BackendLatencyHigh ui_request_duration_seconds_sum / ui_request_duration_seconds_count > 1s for any service Correlate with gateway/service dashboards; escalate to owning guild.
TenantSwitchFailures Increase in ui_dpop_failure_total or ui.security.anomaly (tenant mismatch) > 3/min Validate Authority issuer, check clock skew, confirm tenant config.
FreshAuthLoop ui_fresh_auth_prompt_total spikes with matching ui_fresh_auth_failure_total Review Authority /fresh-auth endpoint, session timeout config, UX regressions.
OfflineBannerLong ui_offline_banner_seconds P95 > 120s Investigate Authority/gateway availability; verify Offline Kit freshness.
DownloadsBacklog ui_download_export_queue_depth > 5 for 10min OR queue age > alert threshold Ping Downloads service, ensure manifest pipeline (DOWNLOADS-CONSOLE-23-001) is healthy.
TelemetryExportErrors ui_telemetry_batch_failures_total > 0 for ≥5min Check collector health, credentials, or TLS trust.

Integrate alerts with Notifier (ui.alerts) or existing Ops channels. Tag incidents with component=console for correlation.

7·Feature Flags & Configuration

Flag / Env Var Purpose Default
CONSOLE_FEATURE_FLAGS Enables UI modules (runs, downloads, policies, telemetry). Telemetry panel requires telemetry. runs,downloads,policies
CONSOLE_METRICS_ENABLED Exposes /metrics for Prometheus scrape. true
CONSOLE_METRICS_VERBOSE Emits additional batching metrics (ui_telemetry_*). false
CONSOLE_LOG_LEVEL Minimum log level (Information, Debug). Use Debug for incident sampling. Information
CONSOLE_METRICS_SAMPLING (planned) Controls front-end span sampling ratio. Document once released. 0.05
OTEL_EXPORTER_OTLP_ENDPOINT Collector URL; supports HTTPS. unset
OTEL_EXPORTER_OTLP_HEADERS Comma-separated headers (auth). unset
OTEL_EXPORTER_OTLP_INSECURE Allow HTTP (dev only). false
OTEL_SERVICE_NAME Service tag for traces/logs. Set to stellaops-console. auto
CONSOLE_TELEMETRY_SSE_ENABLED Enables /console/telemetry SSE feed for dashboards. true

Feature flag changes should be tracked in release notes and mirrored in /docs/ui/navigation.md (shortcuts may change when modules toggle).

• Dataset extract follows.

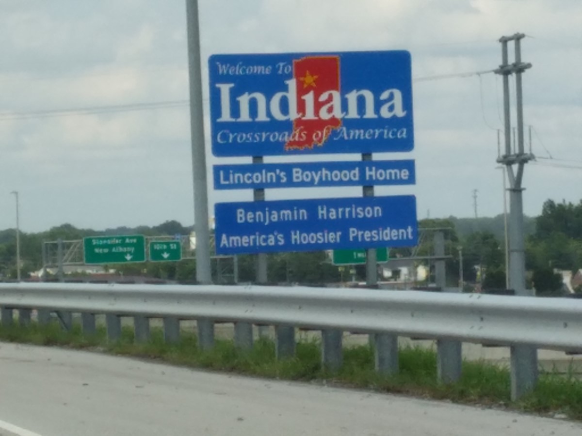 The alternative Indiana greeting if you take the smaller bridge from Louisville to Clarksville and avoid the I-65 toll bridge.

8·Offline / Air-Gapped Workflow

  • Mirror the console image and telemetry collector as part of the Offline Kit (see /docs/install/docker.md §4).
  • Scrape metrics locally via curl -k https://console.local/metrics > metrics.prom; archive alongside logs for audits.
  • Use stella offline kit import to keep the downloads manifest in sync; dashboards display staleness using ui_download_manifest_refresh_seconds.
  • When collectors are unavailable, console queues OTLP batches (up to 5min) and exposes backlog through ui_telemetry_queue_depth; export queue metrics to prove no data loss.
  • After reconnecting, run stella console status --telemetry (CLI parity pending; see DOCS-CONSOLE-23-014) or verify ui_telemetry_batch_failures_total resets to zero.
  • Retain telemetry bundles for 30days per compliance guidelines; include Grafana JSON exports in audit packages.

9·Compliance Checklist

  • /metrics scraped in staging & production; dashboards display ui_route_render_seconds, ui_request_duration_seconds, and downloads metrics.
  • OTLP traces/logs confirmed end-to-end (collector, Tempo/Loki).
  • Alert rules from §6 implemented in monitoring stack with runbooks linked.
  • Feature flags documented and change-controlled; telemetry disabled only with approval.
  • DPoP/fresh-auth anomalies correlated with Authority audit logs during drill.
  • Offline capture workflow exercised; evidence stored in audit vault.
  • Screenshots of Grafana dashboards committed once they stabilise (update references).
  • Cross-links verified (docs/deploy/console.md, docs/security/console-security.md, docs/ui/downloads.md, docs/ui/console-overview.md).

10·References

  • /docs/deploy/console.md Metrics endpoint, OTLP config, health checks.
  • /docs/security/console-security.md Security metrics & alert hints.
  • /docs/ui/console-overview.md Telemetry primitives and performance budgets.
  • /docs/ui/downloads.md Downloads metrics and parity workflow.
  • /docs/observability/observability.md Platform-wide practices.
  • /ops/telemetry-collector.md & /ops/telemetry-storage.md Collector deployment.
  • /docs/install/docker.md Compose/Helm environment variables.

Last updated: 2025-10-28 (Sprint23).